----- Exercise input

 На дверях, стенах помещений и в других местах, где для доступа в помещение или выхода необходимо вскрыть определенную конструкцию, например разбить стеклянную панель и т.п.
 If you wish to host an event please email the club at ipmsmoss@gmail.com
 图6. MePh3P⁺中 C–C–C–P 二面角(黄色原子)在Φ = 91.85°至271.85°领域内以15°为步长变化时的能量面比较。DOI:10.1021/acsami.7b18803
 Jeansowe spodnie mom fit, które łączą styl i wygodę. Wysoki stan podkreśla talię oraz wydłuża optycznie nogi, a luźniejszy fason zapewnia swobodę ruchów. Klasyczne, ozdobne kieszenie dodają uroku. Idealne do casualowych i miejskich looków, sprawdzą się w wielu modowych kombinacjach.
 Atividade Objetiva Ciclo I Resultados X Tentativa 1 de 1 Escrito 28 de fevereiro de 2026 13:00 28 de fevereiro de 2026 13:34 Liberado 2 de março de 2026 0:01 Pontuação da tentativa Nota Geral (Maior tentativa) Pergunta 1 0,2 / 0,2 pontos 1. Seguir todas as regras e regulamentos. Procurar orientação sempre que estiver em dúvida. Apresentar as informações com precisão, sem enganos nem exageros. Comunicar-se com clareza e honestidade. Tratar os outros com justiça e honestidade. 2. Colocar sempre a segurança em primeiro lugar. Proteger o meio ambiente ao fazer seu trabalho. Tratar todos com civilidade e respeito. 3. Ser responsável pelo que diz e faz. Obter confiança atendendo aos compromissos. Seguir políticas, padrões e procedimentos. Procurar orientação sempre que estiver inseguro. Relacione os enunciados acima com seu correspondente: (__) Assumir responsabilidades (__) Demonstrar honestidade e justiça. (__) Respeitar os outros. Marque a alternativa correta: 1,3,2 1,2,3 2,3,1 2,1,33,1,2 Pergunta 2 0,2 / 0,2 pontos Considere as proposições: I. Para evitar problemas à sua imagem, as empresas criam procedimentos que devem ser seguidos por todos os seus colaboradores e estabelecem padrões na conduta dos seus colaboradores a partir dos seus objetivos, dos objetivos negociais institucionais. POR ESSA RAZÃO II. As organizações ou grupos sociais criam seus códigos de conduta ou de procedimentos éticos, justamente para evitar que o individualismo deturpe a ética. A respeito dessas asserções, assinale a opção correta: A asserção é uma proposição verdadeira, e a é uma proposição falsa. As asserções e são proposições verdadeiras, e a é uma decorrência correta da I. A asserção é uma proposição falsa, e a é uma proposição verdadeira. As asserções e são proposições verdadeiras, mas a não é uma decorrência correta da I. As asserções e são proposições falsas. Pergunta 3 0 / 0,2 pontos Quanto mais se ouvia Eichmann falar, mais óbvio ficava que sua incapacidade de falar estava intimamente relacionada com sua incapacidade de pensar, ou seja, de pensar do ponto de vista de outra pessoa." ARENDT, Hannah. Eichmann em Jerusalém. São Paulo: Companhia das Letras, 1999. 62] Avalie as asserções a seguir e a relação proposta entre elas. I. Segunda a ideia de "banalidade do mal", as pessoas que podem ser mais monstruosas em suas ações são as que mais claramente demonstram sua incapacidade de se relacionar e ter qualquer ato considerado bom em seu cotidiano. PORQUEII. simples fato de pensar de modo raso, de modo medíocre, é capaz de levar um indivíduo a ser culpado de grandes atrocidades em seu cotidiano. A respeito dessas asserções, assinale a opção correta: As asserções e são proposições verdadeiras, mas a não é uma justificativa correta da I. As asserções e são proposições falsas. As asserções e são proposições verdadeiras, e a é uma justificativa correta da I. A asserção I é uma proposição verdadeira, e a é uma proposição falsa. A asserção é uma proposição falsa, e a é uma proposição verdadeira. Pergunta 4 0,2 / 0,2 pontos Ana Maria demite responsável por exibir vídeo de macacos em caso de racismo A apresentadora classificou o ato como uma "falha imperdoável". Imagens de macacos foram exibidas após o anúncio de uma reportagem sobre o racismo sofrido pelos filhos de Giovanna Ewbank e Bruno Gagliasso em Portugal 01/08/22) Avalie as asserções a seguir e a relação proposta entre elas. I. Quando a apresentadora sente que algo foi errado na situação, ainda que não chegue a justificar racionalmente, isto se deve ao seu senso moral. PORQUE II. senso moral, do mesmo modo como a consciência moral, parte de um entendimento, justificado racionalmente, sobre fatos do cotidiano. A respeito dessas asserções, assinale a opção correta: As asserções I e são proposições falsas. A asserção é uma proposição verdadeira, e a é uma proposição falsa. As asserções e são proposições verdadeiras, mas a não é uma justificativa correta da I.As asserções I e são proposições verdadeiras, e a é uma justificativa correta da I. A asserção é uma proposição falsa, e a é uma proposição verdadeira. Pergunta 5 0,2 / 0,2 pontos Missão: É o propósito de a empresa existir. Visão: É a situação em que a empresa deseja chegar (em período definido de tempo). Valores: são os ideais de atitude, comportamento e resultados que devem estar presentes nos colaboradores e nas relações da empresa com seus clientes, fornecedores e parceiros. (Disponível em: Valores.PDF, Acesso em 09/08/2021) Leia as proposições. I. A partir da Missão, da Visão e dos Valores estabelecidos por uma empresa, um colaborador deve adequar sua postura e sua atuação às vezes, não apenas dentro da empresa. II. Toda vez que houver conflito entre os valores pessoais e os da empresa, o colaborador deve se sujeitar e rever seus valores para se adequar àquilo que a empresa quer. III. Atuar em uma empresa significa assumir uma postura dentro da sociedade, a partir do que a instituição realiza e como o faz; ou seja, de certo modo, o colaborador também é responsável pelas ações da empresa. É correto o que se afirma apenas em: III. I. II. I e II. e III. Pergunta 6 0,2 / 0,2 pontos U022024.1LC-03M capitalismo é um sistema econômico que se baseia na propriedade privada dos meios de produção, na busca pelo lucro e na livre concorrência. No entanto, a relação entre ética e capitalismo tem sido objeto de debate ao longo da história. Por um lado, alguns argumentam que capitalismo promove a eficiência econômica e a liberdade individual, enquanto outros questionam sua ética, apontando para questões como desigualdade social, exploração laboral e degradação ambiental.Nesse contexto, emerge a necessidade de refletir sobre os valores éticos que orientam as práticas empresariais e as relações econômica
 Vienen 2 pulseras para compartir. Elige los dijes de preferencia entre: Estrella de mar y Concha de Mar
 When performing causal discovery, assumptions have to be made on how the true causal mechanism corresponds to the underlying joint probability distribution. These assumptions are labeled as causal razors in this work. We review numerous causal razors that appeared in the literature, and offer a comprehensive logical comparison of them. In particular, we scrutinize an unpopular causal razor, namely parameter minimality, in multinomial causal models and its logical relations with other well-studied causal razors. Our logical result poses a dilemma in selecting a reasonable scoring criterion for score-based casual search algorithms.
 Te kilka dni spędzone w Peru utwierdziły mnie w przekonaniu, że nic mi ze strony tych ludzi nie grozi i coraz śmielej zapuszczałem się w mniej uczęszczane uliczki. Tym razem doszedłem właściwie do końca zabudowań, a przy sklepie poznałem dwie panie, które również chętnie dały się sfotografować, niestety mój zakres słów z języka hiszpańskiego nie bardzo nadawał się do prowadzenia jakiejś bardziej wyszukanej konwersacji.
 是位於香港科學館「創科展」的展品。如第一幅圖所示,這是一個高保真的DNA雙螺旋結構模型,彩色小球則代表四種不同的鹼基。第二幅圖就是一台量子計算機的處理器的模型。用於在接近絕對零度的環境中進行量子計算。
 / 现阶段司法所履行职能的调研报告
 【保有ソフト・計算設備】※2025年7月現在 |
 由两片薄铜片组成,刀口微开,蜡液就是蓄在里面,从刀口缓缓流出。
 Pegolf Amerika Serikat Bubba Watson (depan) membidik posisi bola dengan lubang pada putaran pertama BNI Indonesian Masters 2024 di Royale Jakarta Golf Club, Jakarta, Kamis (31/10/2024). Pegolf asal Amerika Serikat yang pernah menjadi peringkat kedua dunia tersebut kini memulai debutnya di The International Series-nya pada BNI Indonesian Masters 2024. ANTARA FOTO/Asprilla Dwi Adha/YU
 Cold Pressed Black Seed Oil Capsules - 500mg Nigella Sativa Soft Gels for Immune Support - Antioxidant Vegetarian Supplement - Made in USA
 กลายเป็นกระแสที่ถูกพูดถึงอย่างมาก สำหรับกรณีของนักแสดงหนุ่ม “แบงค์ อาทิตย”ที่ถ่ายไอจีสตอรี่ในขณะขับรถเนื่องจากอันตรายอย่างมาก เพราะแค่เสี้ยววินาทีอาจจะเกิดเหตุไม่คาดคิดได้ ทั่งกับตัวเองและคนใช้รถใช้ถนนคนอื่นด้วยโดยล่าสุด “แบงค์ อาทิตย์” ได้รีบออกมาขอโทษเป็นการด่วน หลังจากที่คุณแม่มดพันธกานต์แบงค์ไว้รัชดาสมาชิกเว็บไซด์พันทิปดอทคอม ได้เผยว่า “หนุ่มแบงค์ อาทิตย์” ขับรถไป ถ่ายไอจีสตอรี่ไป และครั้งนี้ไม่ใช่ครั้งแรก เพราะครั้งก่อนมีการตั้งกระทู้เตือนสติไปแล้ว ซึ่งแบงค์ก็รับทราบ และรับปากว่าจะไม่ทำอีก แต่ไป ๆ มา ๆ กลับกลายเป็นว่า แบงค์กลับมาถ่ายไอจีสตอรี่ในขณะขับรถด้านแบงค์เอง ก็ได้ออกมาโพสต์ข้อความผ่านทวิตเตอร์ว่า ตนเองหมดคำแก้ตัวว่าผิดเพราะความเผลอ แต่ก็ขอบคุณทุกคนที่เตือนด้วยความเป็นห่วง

----------

■ **Brief**
Starting at the line that has "图6. MePh3P⁺中 C–C–C–P" and ending at the line that has "Jeansowe spodnie mom", please write out the lines above exactly, leaving out all others.

■ **Final answer**
 图6. MePh3P⁺中 C–C–C–P 二面角(黄色原子)在Φ = 91.85°至271.85°领域内以15°为步长变化时的能量面比较。DOI:10.1021/acsami.7b18803
 Jeansowe spodnie mom fit, które łączą styl i wygodę. Wysoki stan podkreśla talię oraz wydłuża optycznie nogi, a luźniejszy fason zapewnia swobodę ruchów. Klasyczne, ozdobne kieszenie dodają uroku. Idealne do casualowych i miejskich looków, sprawdzą się w wielu modowych kombinacjach.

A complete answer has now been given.